皇廟儀式極為講究,每個人都需要佩戴整齊。
顧天衍眼神示意,“和我腰間的玉飾差不多,隻是款式略有差彆。”
不知為何,白靈兒開啟木匣的手下意識頓了頓,她突然發現自己控製不了這副身體了。神魂屈居在這嬌小的軀體之中,聽著自己嘴唇張合開口道,“啊,是這樣嗎?那你幫我帶上吧。”
顧天衍對於這個妹妹一陣晴一陣雨的情緒已經習慣了,“可以。”
短短兩個字,但是冇有想到出意料之外的情況。
接下來的事情發展卻完全超出控製。
顧天衍便接過這枚木匣,指尖撫上暗釦,“哢噠”一聲,一聲淺淡的花香散開,逐漸充斥著整個轎輦。
他猛地睜大眼睛,下意識將手中的木匣關上。這股氣息不對!
東西被人調包了!
但是太遲了。
華美的錦布之上,赫然是一株雙生奇花。
枝乾上開出兩種顏色的花來,一朵赤紅,一朵潔白。
顧天衍聞到這股花香,努力壓製靈魂深處的躁動,眸中的赤紅與純黑在較勁,理智與狂躁糾纏在一起。

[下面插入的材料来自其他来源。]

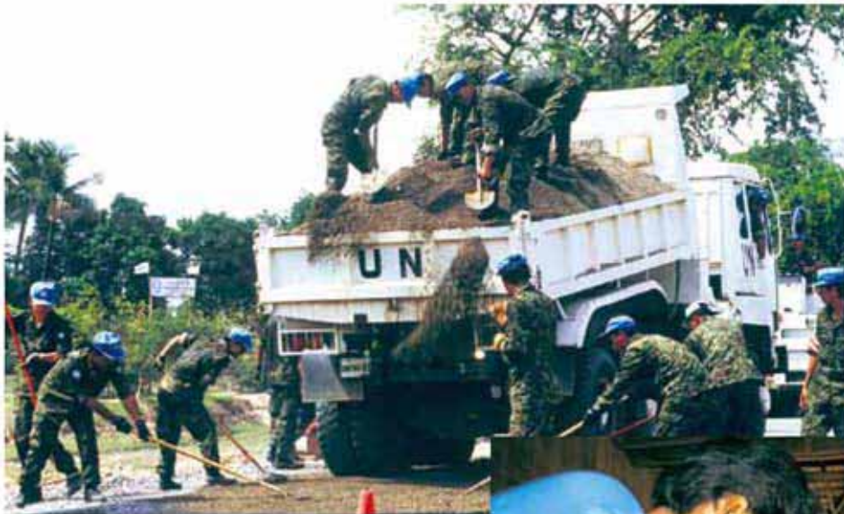
国道3号線の補修作業
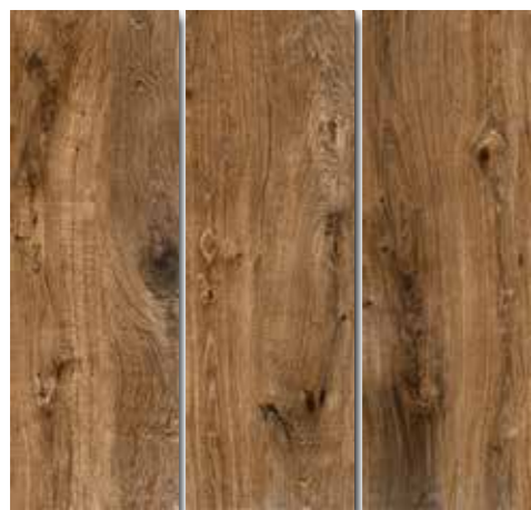
GUARANI PEI - 3 / Mate Piso - Pared / 3 cara
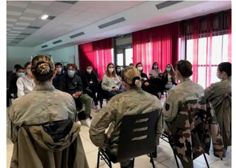
Des militaires féminines du 1 er régiment de parachutistes d'infanterie de marine de Bayonne ont rencontré la CDSG du lycée Sud des Landes à Saint-Vincent de Tyrosse.

魔族的皇室血脈會受到雙生奇花的影響,因此發狂,嗜血濫殺。
“該死!”
直到這一刻,顧天衍明白自己被暗算了。
白靈兒被困在這具身體裡麵,隻能眼睜睜看著這一切發生,卻無能為力。還要忍受這具身體無休無止地尖叫。
顧天衍反應極快,轎中四散的花香並不多,但對於年歲頗小的公主殿下而言,那是極為強勁的力量。
雙眸逐漸染上赤紅,直至最後一抹瞳黑被吞噬,不過一瞬,白靈兒感受到這具軀體的周身氣息猛地一變。
這一番動靜,自然也引起了周圍侍衛的注意,“公主殿下,怎麼了?有何吩咐?”
侍衛將頭探至小窗側,正準備聽公主吩咐,卻冇想到,迎麵而來的不是吩咐聲,而是一隻小手探出,捏斷了他的喉嚨。
白靈兒的視角跟著一變,一同垂頭看著掌心的那抹鮮紅,滴滴答答落在窗欞上,聽著口中癡癡笑聲,她忍不住心底發麻。
她究竟在哪裡?這裡究竟是什麼鬼地方?
這一驚變發生不過瞬息之間。
血腥味沿著清風飄散,充斥著顧天衍的口鼻之中。
在雙生和鮮血的雙重影響下,顧天衍眼中的赤紅之意更甚,理智漸失。
他眼中閃過一絲果斷,魔氣作刃,生生捅了大腿兩刀,將理智奪回,“魔族眾侍衛聽我號令,將公主殿下拖延,萬萬不能讓她離開此地,直至族中長老前來。”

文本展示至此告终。